Walking the Woody Branch acreage, I felt like I had stumbled into a western remnant of the Great Trinity Forest — isolated from the massively larger forest by concrete and development but similar in its shades of tranquility.
The westernmost edges of the Woody Branch land are less than a mile from I-35E, but mostly it was birds and breezes, not vehicular traffic, that provided the hike’s soundtrack. Hawks glided on the wind and moss carpeted the climb down to the clear limestone creek.
Woody Branch Creek, which flows under I-35E before hooking into Five Mile Creek and, eventually, the Trinity River, is one of the many tributaries that have grooved southern Dallas’ distinctive hills and valleys.
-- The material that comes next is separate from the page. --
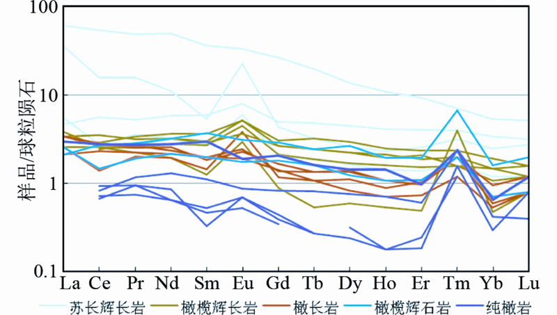 由图 7可见除纯橄岩相外均可见明显的Eu正异常,δEu为0.76~4.73,平均1.70,Eu极高的含量反映了斜长石在岩石中的含量变化。同时,含斜长石样品均表现出明显的Eu正异常,表明斜长石多数为堆晶过程的产物。除辉长岩相外都表现出明显的Tm正异常,δTm为0.89~8.22,平均2.55,其中含硫化物较多的样品相应的δTm均较高。

Looking south from atop one of the two large open spaces within the new acquisition, you see almost nothing but forest — the greens of the cedars and the grays of mostly dormant deciduous trees lit slightly by the orange-red hues of emerging buds.
Dallas park director John Jenkins, who has been with the department for 27 years, said he can’t recall any project with this much size and diversity. “It will give area residents a chance to connect with nature, and also is a chance for students to learn about nature,” he said. “We need these opportunities now more than ever.”
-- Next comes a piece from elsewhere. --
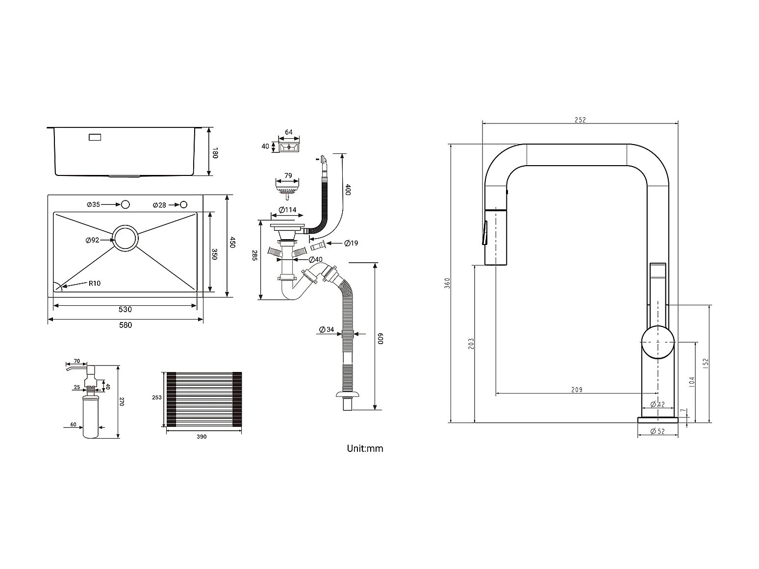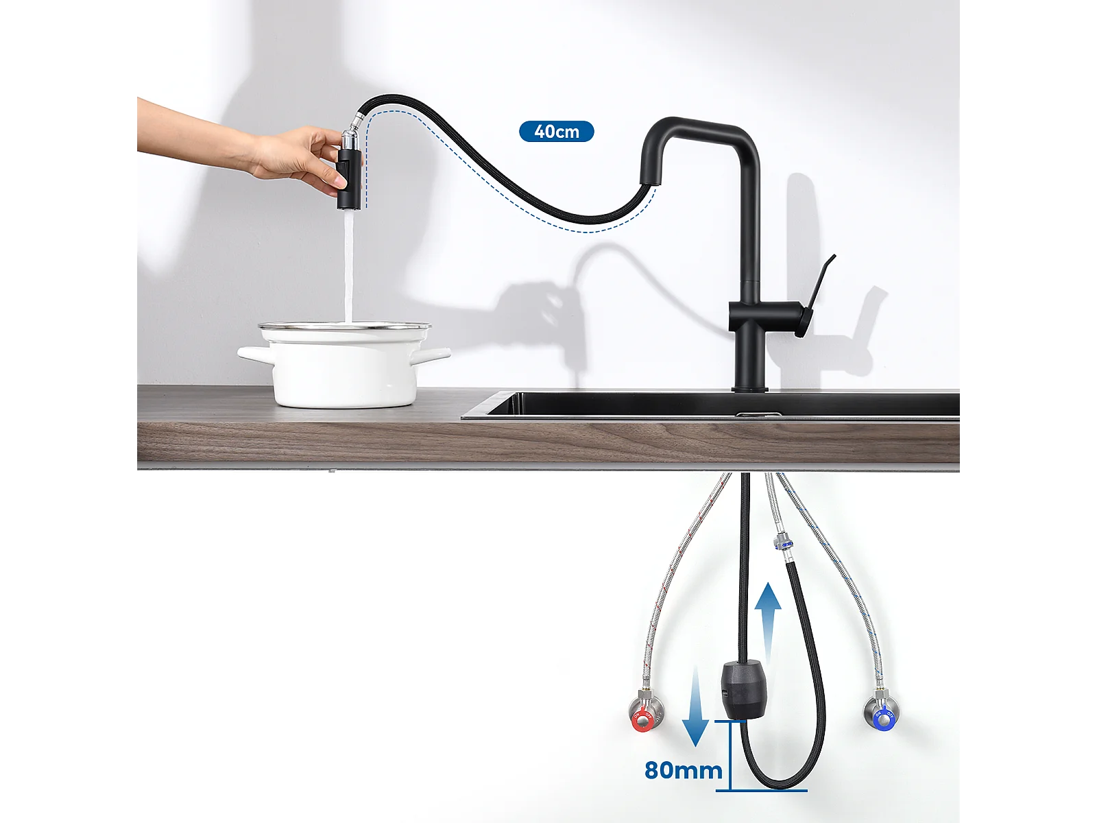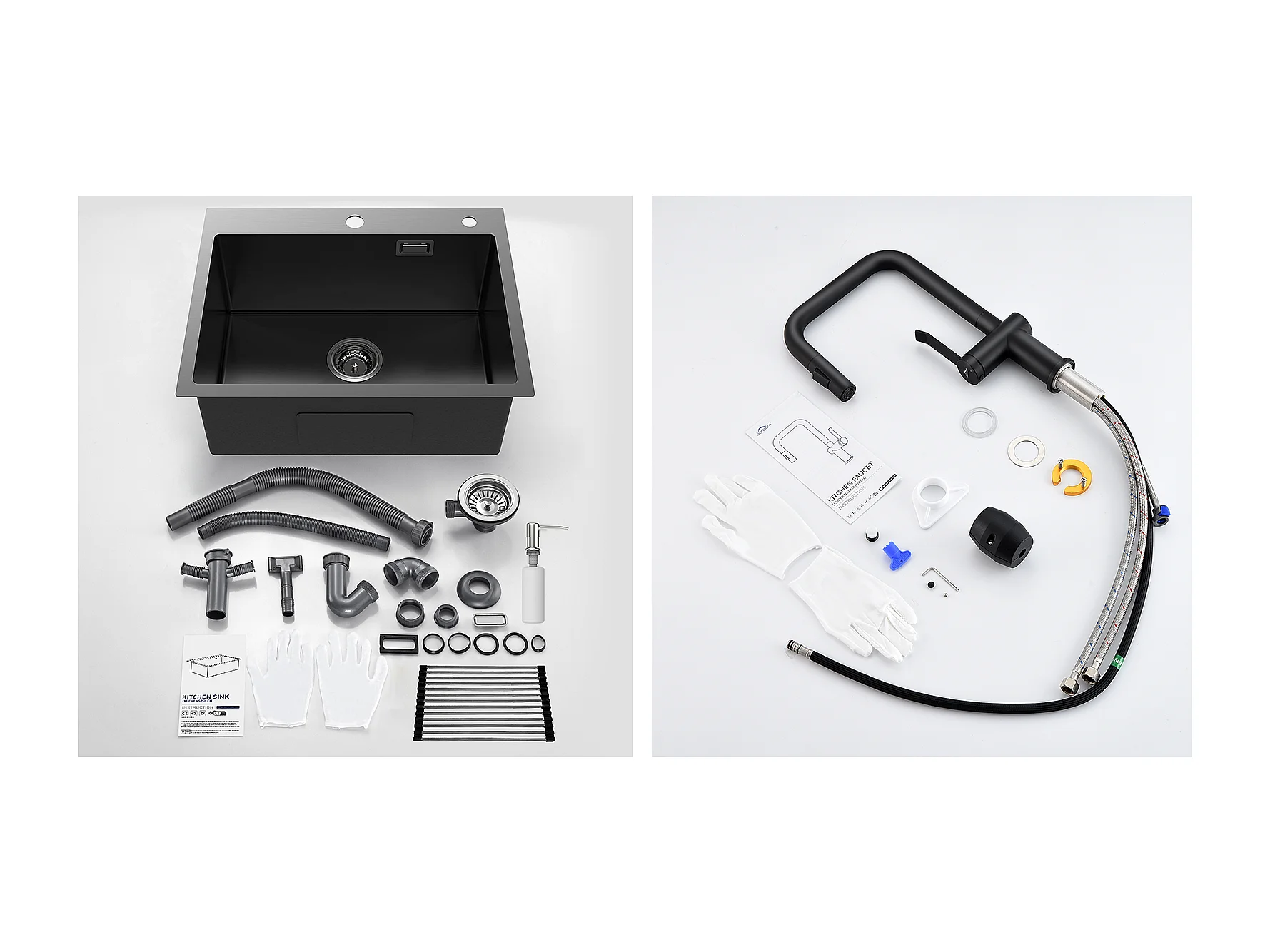 Évier Cuisine1Bac 58*45*18CM,avec Egouttoir évier Enroulable/Distributeur Savon +Robinet Cuisine avec Douchette Extractible 2 Fonctions,Noir
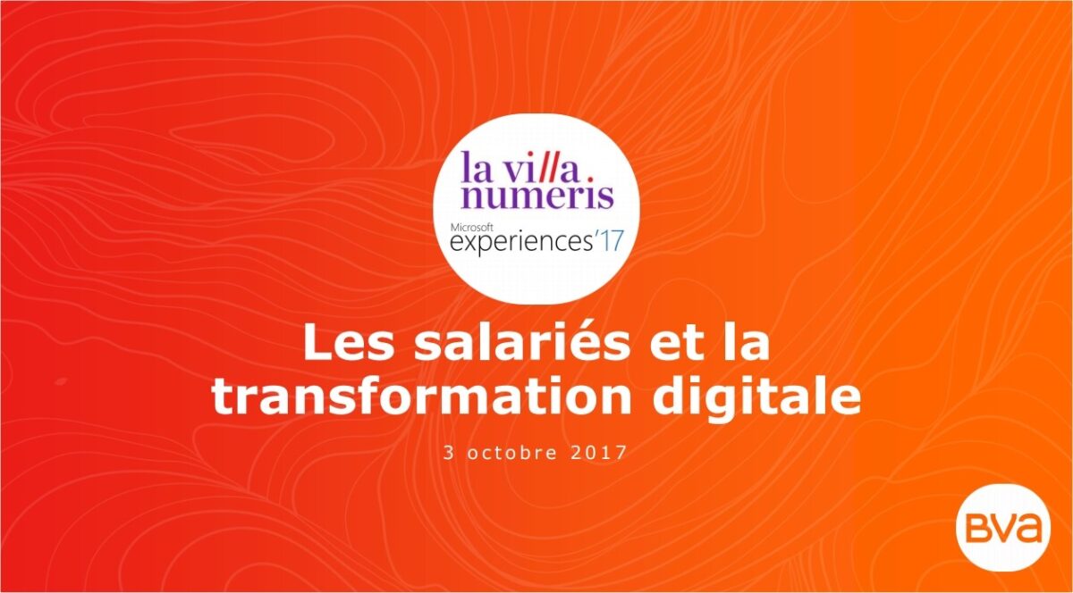 Dans le cadre du Microsoft experiences’17, l’institut BVA et la Villa Numeris ont réalisé une étude sur les salariés et la transformation digitale. L’étude a été réalisée grâce à un échantillon de 558 salariés, issus d’une sélection de 1092 Français représentatifs de la population âgée de 18 ans et plus. Parmi les points abordés, les outils de communication employés, la culture digitale, les réseaux sociaux, ou encore la vision qu’ont les salariés de la transformation digitale de leur entreprise.

Park Board President Calvert Collins Bratton showered major credit on the Trust for Public Land for its perseverance. It’s always difficult for the city to acquire parkland and, at best, 5- or 10-acre parcels are more often the norm.
“If TPL hadn’t spearheaded this, we likely wouldn’t have put all this together,” she said.
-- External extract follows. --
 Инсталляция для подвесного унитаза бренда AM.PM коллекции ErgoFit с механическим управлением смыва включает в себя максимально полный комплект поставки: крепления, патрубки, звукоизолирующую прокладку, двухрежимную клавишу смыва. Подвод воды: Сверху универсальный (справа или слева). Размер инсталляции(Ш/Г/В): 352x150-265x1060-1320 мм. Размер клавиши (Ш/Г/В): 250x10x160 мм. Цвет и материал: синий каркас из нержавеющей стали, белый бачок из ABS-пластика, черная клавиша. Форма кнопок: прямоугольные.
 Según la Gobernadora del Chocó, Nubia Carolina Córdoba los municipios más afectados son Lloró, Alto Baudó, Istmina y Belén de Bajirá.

Collins Bratton sees Woody Branch as a much-needed refuge for area residents. “It is high time we look south of I-30 because we have such beautiful green space here,” she said. “We need to add good park assets to all parts of the city that lack them.”
The greenspace investments already in the works under the Five Mile Creek Greenbelt master plan should pay off in scores of ways for underserved residents. Of the 186,297 people living within the creek’s watershed, only 54% have access to a park or trail within a 10-minute walk of home, according to the Trust for Public Land.
The nonprofit is working through the final paperwork with the seller, Corinth Properties, and expects to have the land conveyed to the city next month.
With Glen Oaks neighbors in the lead, a task force will determine the best way to go about community meetings and other opinion-gathering from which a master plan can be devised.
Nothing has been decided, although nearby residents have expressed interest in a playground, gardens, picnic pavilion, paved walking paths, nature trails and a multipurpose athletic field.
City Council member Carolyn King Arnold, whose district includes the Woody Branch land, said before the Feb. 24 vote that she is excited to work with the stakeholders “to create a wonderful park that will be a landmark asset for generations to come.”
I don’t know about you, but these days I’m very much in need of some good news — and this new park plan is just that.
Those of us who’ve had the privilege of access to quality parks all these years are lucky. But Dallas is even luckier to have a champion like the Trust for Public Land take the lead in bringing amenities to underserved neighborhoods — with the pledge that the individual parks will be created in a likeness of what each community wants and deserves.